We are, after all, in a strange place these days, in which we pretend we can understand everything relevant about another person’s motives and meaning from just a small, context-free snippet of their discourse. And yet we tend to pay little attention to the obvious warning signs embedded in much larger chunks of publicly available information (such as, for instance, the fact that Cummings reportedly used to sign himself into No. 10 as “Osama Bin Laden”). Perhaps it is partly just a matter of not having enough time or a long enough attention-span to do the reading. But perhaps another reason for myopia in higher Tory echelons about Cummings’s evident weak points was that they felt his swearing, scowling presence there was a comforting counter to a general atmosphere of stifling political correctness and conformity.
If so, I understand this impulse. The more that mindless progressive types try to micromanage language and instil irrational guilt in their traditional po-faced manner, the more tempting it is to stick two fingers up at the lot of them and to start striking deliberately offensive poses just for the hell of it. And if you can’t do that, perhaps the next best thing is to hire someone who will do it for you; someone whose socially transgressive interventions will act as satisfyingly irritating provocations to any mealy-mouthed, rule-quoting pencil-pushers in the vicinity.

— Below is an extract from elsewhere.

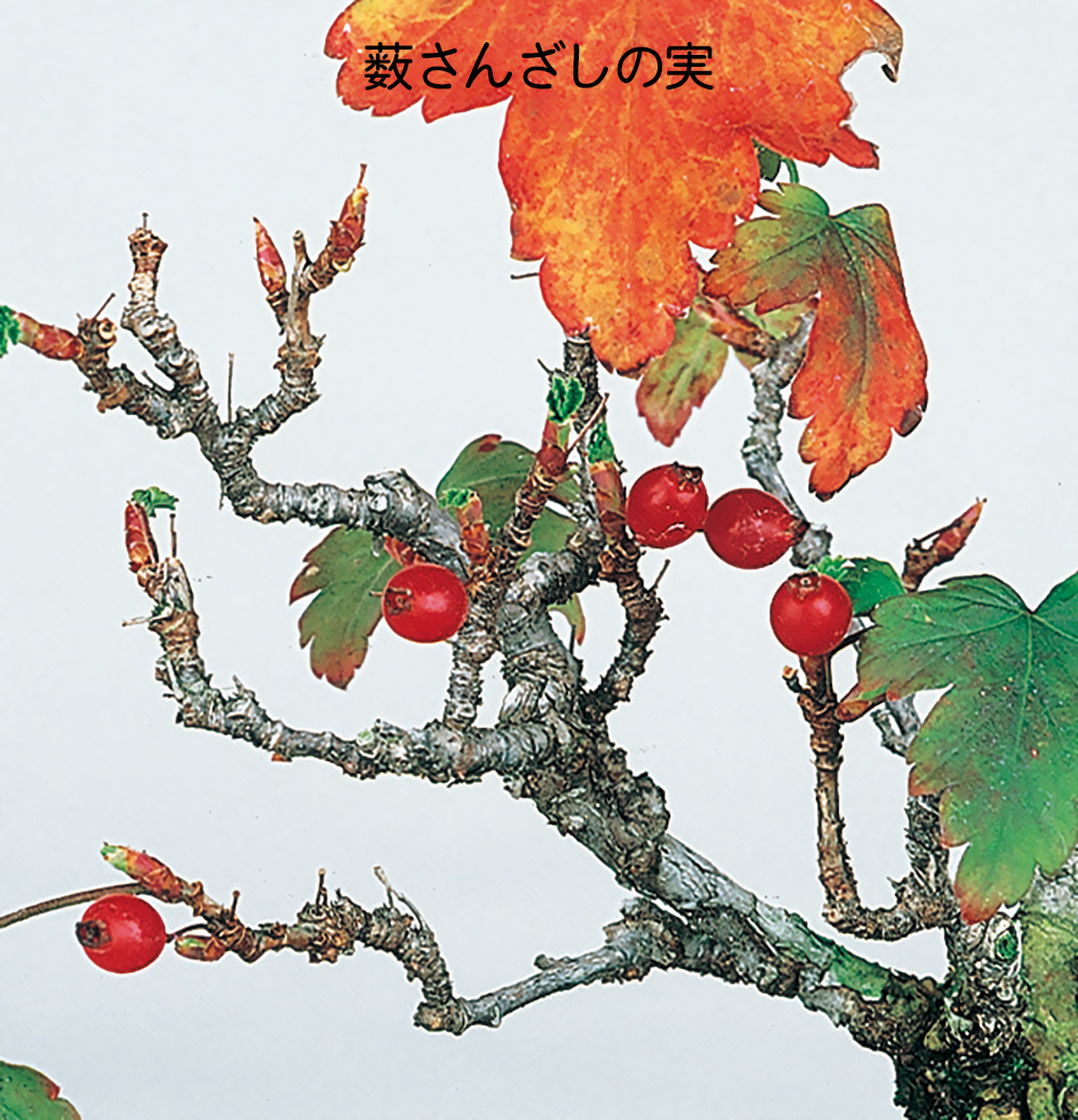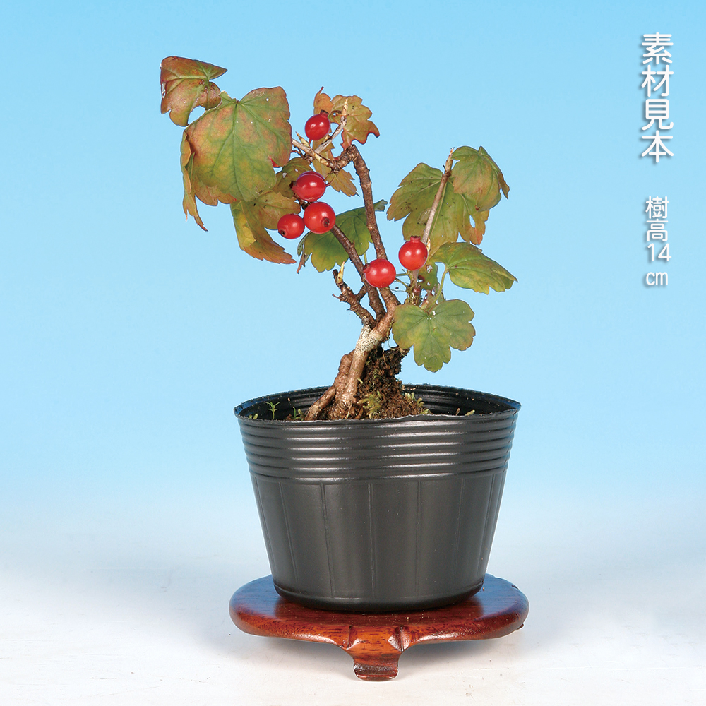 「やぶさんざし」は実が「さんざし」に似ていますが、「さんざし」の仲間ではありません。4~5月に黄緑色の花を咲かせ、秋にさんざしに似た赤い実を着けます。節間が短く作れるので小品盆栽・ミニ盆栽に適した樹種です。

In a microcosm, this is the dynamic that appears to be inhabiting large parts of the Right-leaning political spectrum at the moment. The unstated ethos seems to be that if my attitude-policing, finger-wagging political enemy is against something — in this case, using outrageously rude and bullying language at work — then I must be for it; and vice versa. And of course it doesn’t hurt that large swathes of the electorate are similarly fed up with being told off by self-righteous missionary-types.

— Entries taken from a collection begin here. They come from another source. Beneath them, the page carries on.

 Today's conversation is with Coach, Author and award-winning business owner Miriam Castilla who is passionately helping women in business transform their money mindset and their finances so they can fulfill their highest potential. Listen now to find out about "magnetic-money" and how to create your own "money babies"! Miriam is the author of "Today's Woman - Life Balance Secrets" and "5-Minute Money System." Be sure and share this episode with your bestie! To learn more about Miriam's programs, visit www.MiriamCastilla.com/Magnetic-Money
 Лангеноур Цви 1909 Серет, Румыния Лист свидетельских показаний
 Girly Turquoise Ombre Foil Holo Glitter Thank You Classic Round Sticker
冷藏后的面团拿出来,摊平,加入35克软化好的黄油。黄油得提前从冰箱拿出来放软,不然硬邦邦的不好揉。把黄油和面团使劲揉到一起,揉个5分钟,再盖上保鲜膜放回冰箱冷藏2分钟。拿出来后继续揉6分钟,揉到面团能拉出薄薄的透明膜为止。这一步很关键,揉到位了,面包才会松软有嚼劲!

But to base your current political sensibilities on what your opponents hate is to court destruction, whether on the Right or the Left. It gives the enemy effective control of the political agenda and can end with some deeply counterproductive, incoherent decision-making. Just as no Home Secretary supposedly interested in free expression should be talking about banning Palestinian flags just because some deeply revolting people currently want to wave them, no government minister should ever employ a loose cannon with an apparent case of oppositional defiance disorder, just because it tends to set the teeth of members of the Blob on edge. As the Trolley knows all too well by now, such initially tempting ideas tend to come back to haunt you.

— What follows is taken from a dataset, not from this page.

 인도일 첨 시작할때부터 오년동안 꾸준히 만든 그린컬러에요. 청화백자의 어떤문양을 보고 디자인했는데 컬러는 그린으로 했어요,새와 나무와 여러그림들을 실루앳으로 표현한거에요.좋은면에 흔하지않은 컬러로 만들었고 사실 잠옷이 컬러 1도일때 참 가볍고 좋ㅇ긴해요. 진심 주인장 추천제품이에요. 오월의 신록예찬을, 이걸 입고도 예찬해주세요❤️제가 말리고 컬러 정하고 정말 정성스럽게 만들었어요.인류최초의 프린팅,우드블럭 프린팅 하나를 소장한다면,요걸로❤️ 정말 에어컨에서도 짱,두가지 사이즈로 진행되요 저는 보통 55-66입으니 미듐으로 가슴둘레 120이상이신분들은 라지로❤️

We have yet to understand the full cost to Britain of having had such an anarchic crew at the heart of government during one of its worst crises in recent history; nor of the way that degraded norms in workplace communication enabled other forms of dysfunction to proliferate there. At the very least, it is already suggested from MacNamara’s testimony that the atmosphere resulted in some chaotic and damaging choices. As she said at the time, in an email to superiors about the lack of options for victims of domestic violence during the first lockdown: “It is very difficult to draw any conclusion other than women have died as a result of this.”
Perhaps the Inquiry will eventually shed some light on this. But either way, Cummings doesn’t seem to have learnt much from the experience. The day after his Inquiry appearance, he was back on social media in his more familiar Lord of Misrule guise, responding to criticism by asking: “so is the problem a/ me calling Hancock ‘a lying cunt killing people’ or b/ Hancock actually being a lying cunt killing people?!” And it doesn’t seem to occur to him that the answer might be “both”.